Oil prices fell more than 2 percent Tuesday after a new report from Washington projected a cumulative $7 trillion U.S. deficit for the next decade.
Minutes before the nonpartisan Congressional Budget Office released its deficit forecast, however, crude briefly touched $75 a barrel for the first time in 10 months on new signals that consumers are feeling a little better about the economy.
Questions about when energy demand will rebound has led to volatile prices and that uncertainty played out again on energy markets Tuesday.
"Oil still struggles to follow through decisively with an upside breakout," PFGBest Research analyst Phil Flynn said in a note to clients Tuesday. "Is oil destined to make new highs, or is it just a matter of time before we see a correction of massive proportions?"

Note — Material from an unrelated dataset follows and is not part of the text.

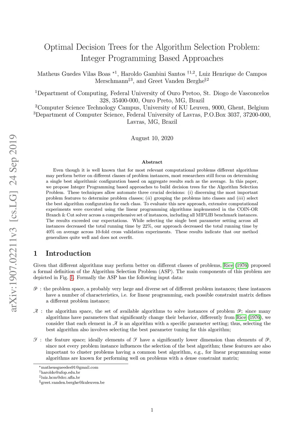 Even though it is well known that for most relevant computational problems different algorithms may perform better on different classes of problem instances, most researchers still focus on determining a single best algorithmic configuration based on aggregate results such as the average. In this paper, we propose Integer Programming based approaches to build decision trees for the Algorithm Selection Problem. These techniques allow automate three crucial decisions: (i) discerning the most important problem features to determine problem classes; (ii) grouping the problems into classes and (iii) select the best algorithm configuration for each class. To evaluate this new approach, extensive computational experiments were executed using the linear programming algorithms implemented in the COIN-OR Branch & Cut solver across a comprehensive set of instances, including all MIPLIB benchmark instances. The results exceeded our expectations. While selecting the single best parameter setting across all instances decreased the total running time by 22%, our approach decreased the total running time by 40% on average across 10-fold cross validation experiments. These results indicate that our method generalizes quite well and does not overfit.

Benchmark crude for October delivery fell $1.59 to $72.78 a barrel in trading on the New York Mercantile Exchange.
The New York-based Conference Board provided a bit of good news when it said its Consumer Confidence index rose to 54.1 from an upwardly revised 47.4 in July. Economists surveyed by Thomson Reuters had expected a slight increase to 47.5.
Still, the index is well below 90, the minimum level associated with a healthy economy. Anything above 100 signals strong growth.
Energy prices have risen sharply this year mostly on the belief that the economy is getting better and demand will rebound soon. Still, the rules of supply and demand still apply to current prices and on Wednesday, the government will release its weekly report on how much supply we have.
Last week, a surprise drawdown in crude began a rally that ran through Monday, the fourth-consecutive day in which oil prices moved higher.
Despite optimism about recovery from recession, analysts say energy demand remains in the doldrums and seasonally lower demand for gasoline as the summer holidays end will exacerbate that weakness.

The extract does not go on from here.